* REQUIRED ACTION
From the data below, retype exactly the lines starting with the one that contains "パリッと香ばしいおいもチップ" and ending with the one that contains "- Konyha – étkező, 2", both included.

* DATA EXTRACTS
********************

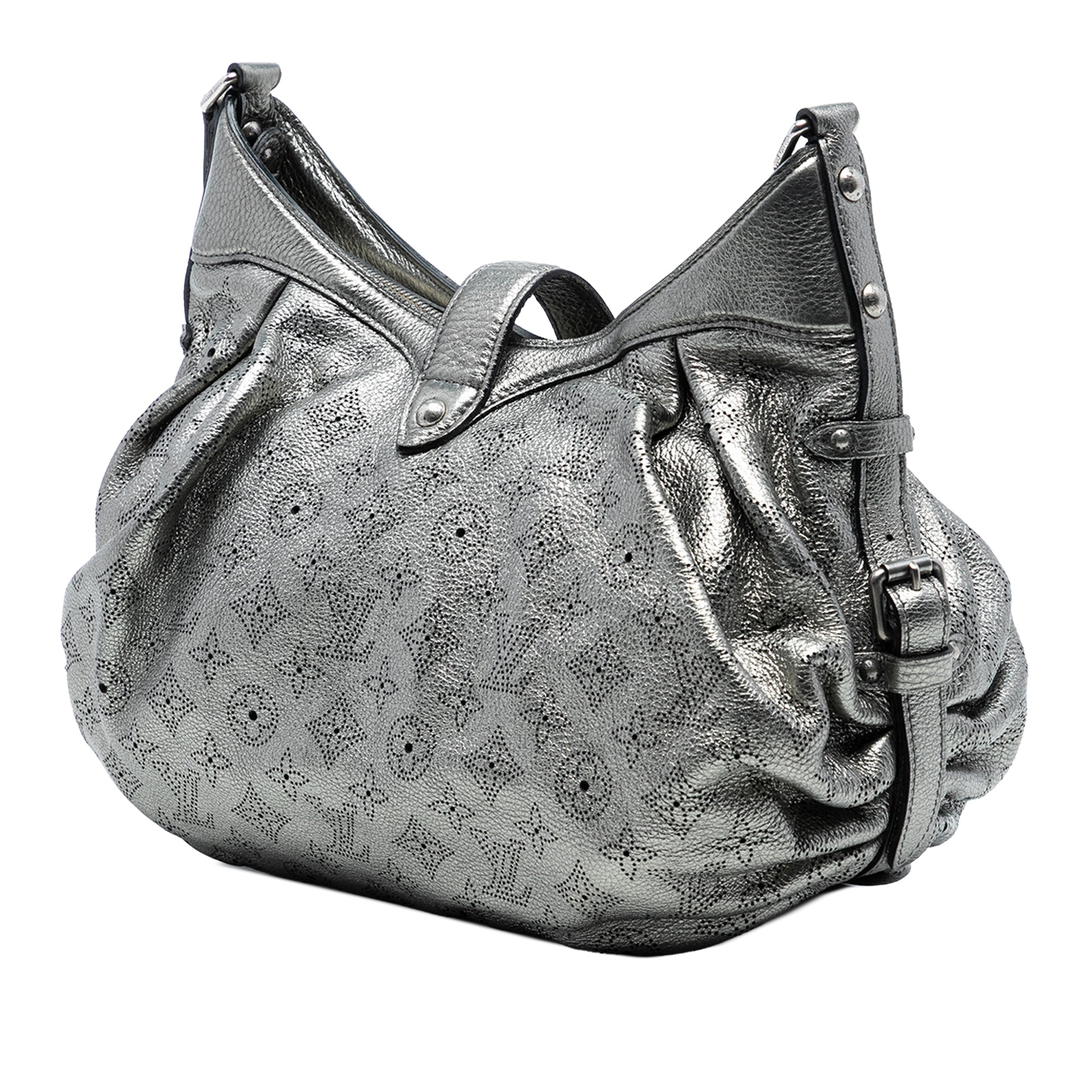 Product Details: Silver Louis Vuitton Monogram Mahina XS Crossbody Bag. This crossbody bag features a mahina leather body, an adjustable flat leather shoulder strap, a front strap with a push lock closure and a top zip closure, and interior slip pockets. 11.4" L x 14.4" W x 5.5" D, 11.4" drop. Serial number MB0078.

********************

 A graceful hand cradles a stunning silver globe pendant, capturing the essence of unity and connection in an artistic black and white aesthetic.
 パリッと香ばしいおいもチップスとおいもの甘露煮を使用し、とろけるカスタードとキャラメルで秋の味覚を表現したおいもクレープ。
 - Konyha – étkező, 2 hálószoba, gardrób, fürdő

********************

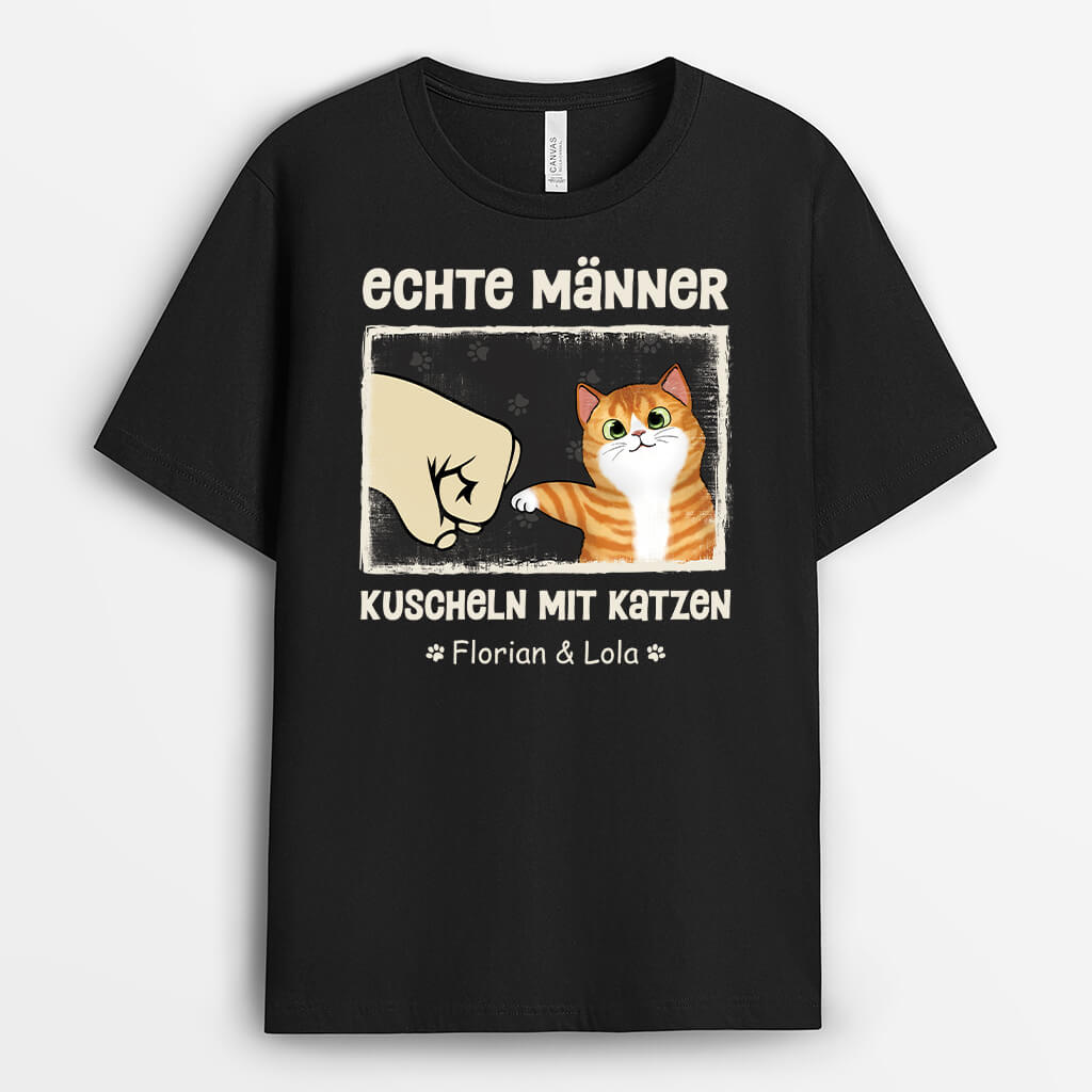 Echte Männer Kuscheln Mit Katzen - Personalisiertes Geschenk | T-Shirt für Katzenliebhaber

********************

* TASK OUTPUT
 パリッと香ばしいおいもチップスとおいもの甘露煮を使用し、とろけるカスタードとキャラメルで秋の味覚を表現したおいもクレープ。
 - Konyha – étkező, 2 hálószoba, gardrób, fürdő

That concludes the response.